土壇場まで西岡参議院議長擁立を模索した小沢一郎

 さらに言えば、次のような事実(情報)もある。代表選出馬の最終決断に至らず地元・京都から前原氏が東京に戻って来たのは22日夕方過ぎ。同夜遅く前原グループ(凌雲会)の幹部会が同ホテルのガーデンコートでセットされていた。そしてその席で前原氏は出馬決断を伝える段取りとなっていた。その直前の午後9時ごろ、同氏はホテルの一室で仙谷氏と会い、代表選に臨むにあたっての最後の調整を行ったのだ。

 前原氏は翌23日の出馬正式表明以降、それまでの発言を微妙に軌道修正した。すなわち、小沢氏の主張と立場に配慮して1.消費増税は直ちには実施しない2.今すぐは大連立を目指さない3.挙党一致で国難に立ち向かう---というものだ。同氏との全面対決回避の可能性を残したのである。

 仙谷氏に対し「前原首相」容認の見返りに自らを幹事長にすることを要求した小沢氏は、色よい返事がなかったことから直ちに、同氏の支持の可能性が取り沙汰される海江田万里経済産業相や鹿野道彦農水相以外の「第3の候補」まで食指を伸ばした。

 原口一博元総務相以外にも西岡武夫参院議長、松野頼久元官房副長官の名前まで挙がった。原口氏は小沢グループの「北辰会」や鳩山(由紀夫前首相)グループの若手からの反発が強く、現実味に欠ける。あの西岡議長を担ぐということは、端から負け戦を覚悟であり、離党・新党結成の意思の表われと見ることができる。松野氏に至っては論外だ。

 小沢氏は25日午後、鳩山氏との会談で改めて「前原不支持」を確認したが、実は有力な手駒がない小沢氏こそが窮地に立たされているかに見える。だが、その一方で真逆な見方も可能だ。小沢氏は最終的に出馬に意欲を持っていた小沢鋭仁元環境相を海江田氏に一本化・擁立する。と同時に、野田グループ内の前原批判の高まりを横目に前原、野田陣営の分断化を誘い、決選投票での第1位海江田氏と第3位(第4位)鹿野氏連合の結成を目指して代表戦に突入する---これが小沢戦略であろう。

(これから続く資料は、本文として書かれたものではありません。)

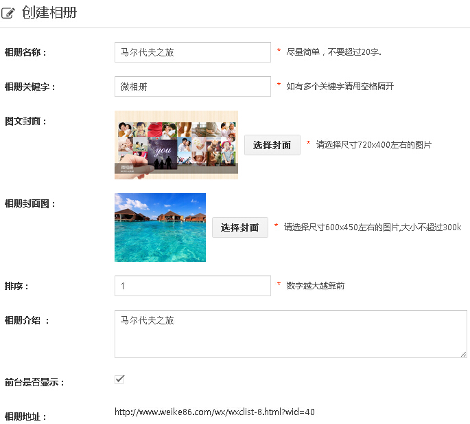 进入"创建相册"页面,设置"相册名称",“相册关键字”,上传“图文封面”、“相册封面图”图片,编辑“排序”、相册介绍,设置是否在前台显示。

 「数の力」の信奉者小沢氏は党内最大勢力(推定120人)を誇り、昨年9月の代表選での国会議員票200人(菅直人首相は206人)の実績を言い募る。確かに、海江田氏らの「小沢詣で」がメディアで伝えられ、「キーマンは小沢氏」を印象付けた。しかし、その「数」は客観的に精査されるべきだ。

 6月2日の内閣不信任案採決に当たって棄権・欠席した小沢氏を含む衆院議員13人中9人が党員資格停止処分を受けており200人マイナス9人。加えて、前回は小沢氏に一票を投じた細野氏が前原氏支持を明らかにし、中間派のリーダー格である樽床伸二元国対委員長ら約20人が野田氏支持に回るのは確定的である。さらにマイナス約20人となり、約170人が基数になる。

 そこからさらに旧民社党系約25人と旧社会党系約20人の半分は前原、野田氏陣営に流れるので、実は「小沢票」基礎票は多く見積もっても約150人なのだ。もちろん、この中には鳩山グループ約40人が含まれる。小沢グループは最大で100人前後というのが相場観である。そして小沢グループのコアは約30人と言わる。

 代表選は無記名投票なので当選1,2回生の「北辰会」からも少なからず前原票が出るだろう。仮に小沢氏が海江田氏を担いで第一回投票で200人以上の第1位・過半数に届かなければ、決選投票で第2位の前原氏と第3位の野田氏連合に敗れることになる。

 つまり、現時点での読みでは、小沢氏が200票を集めることは容易なことではないということである。ただ、票固めに苦しむ前原氏が第2位はおろか鹿野氏にまで破れ第4位になることもあり得る。

 一方の野田氏は自主投票を決めた菅グループの過半の支持を期待でき、第一回投票で前原氏を上回る可能性が高くなった。従って、液状化代表選の現状では、「次」は誰だと断定できないのが正直なところだ。